トーキョーブックガール

世界文学・翻訳文学(海外文学)や洋書レビューを中心に、好きなことをゆるゆると書いているブログです。

『燃える平原』 フアン・ルルフォ

[El Llano en Llamas]

 とても久しぶりに『燃える平原』を再読した。日本語で読むのは初めて。

 絶版になっている水声社の単行本を買おうかなどうしようかな、と考えていた時に岩波文庫として出版されるというニュースを聞いたので5月まで楽しみに待っていたのでした。

 文庫化、本当に嬉しい! 翻訳者は水声社版と同じく杉山晃さんで、文庫化にあたり見直した部分もあるとのこと。

燃える平原 (岩波文庫)

燃える平原 (岩波文庫)

 

 ルルフォは現在のラテンアメリカ文学の基礎を築いたとして高く評価されているメキシコ人作家だが、出版された小説は『燃える平原』と『ペドロ・パラモ』のたった2冊だけ。

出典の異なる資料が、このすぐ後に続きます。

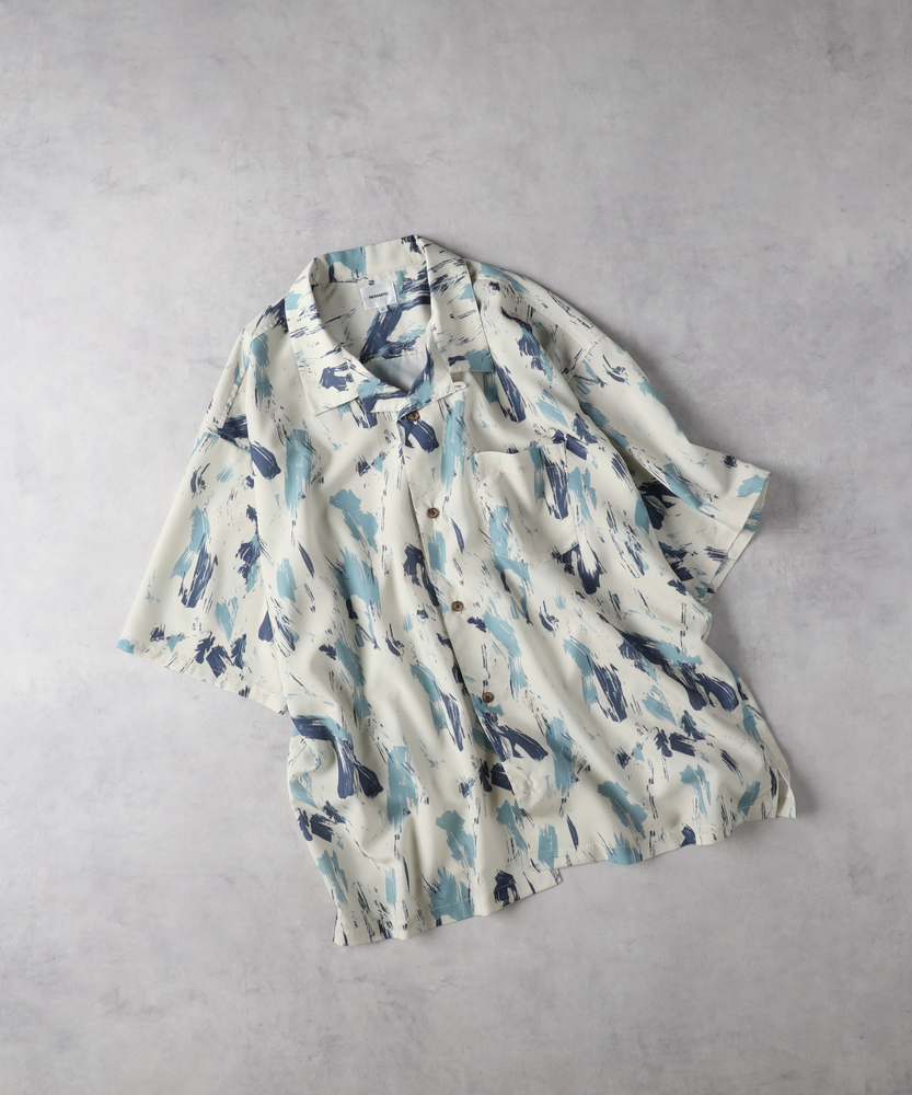 【仕様】古着であるような幾何学柄の総プリントの開襟シャツ。柔らかな色合いとダイナミックな模様が、シンプルなスタイルにも華やかさをプラス。ボタン留めのクリーンなフロントスタイルが、都会的な洗練さを演出します。【素材】軽やかで滑らかな素材は、通気性が良く、快適な着心地を提供します。動きに合わせて流れるようなファブリックは、日常のコーディネートでも特別感を味わえる一枚です。【スタイリング】デニムやリネンパンツと合わせたカジュアルスタイルがオススメ。オーバーサイズでリラックス感を演出し、足元はスニーカーやスライドサンダルで軽やかに仕上げて。日中の散策やリゾートシーンにもぴったりのアイテムです。

 この2冊を出版した後はテレビや映画の脚本を書いたり、写真家として生活していた。写真家としては多くの作品を残しており、岩波文庫『ペドロ・パラモ』の表紙の兵士2人の写真もルルフォ自身が撮影したものなんだそう。今回発売された『燃える平原』の表紙の子供達の写真もルルフォが撮影したのだろうなと思い調べてみたらやはりそうだった。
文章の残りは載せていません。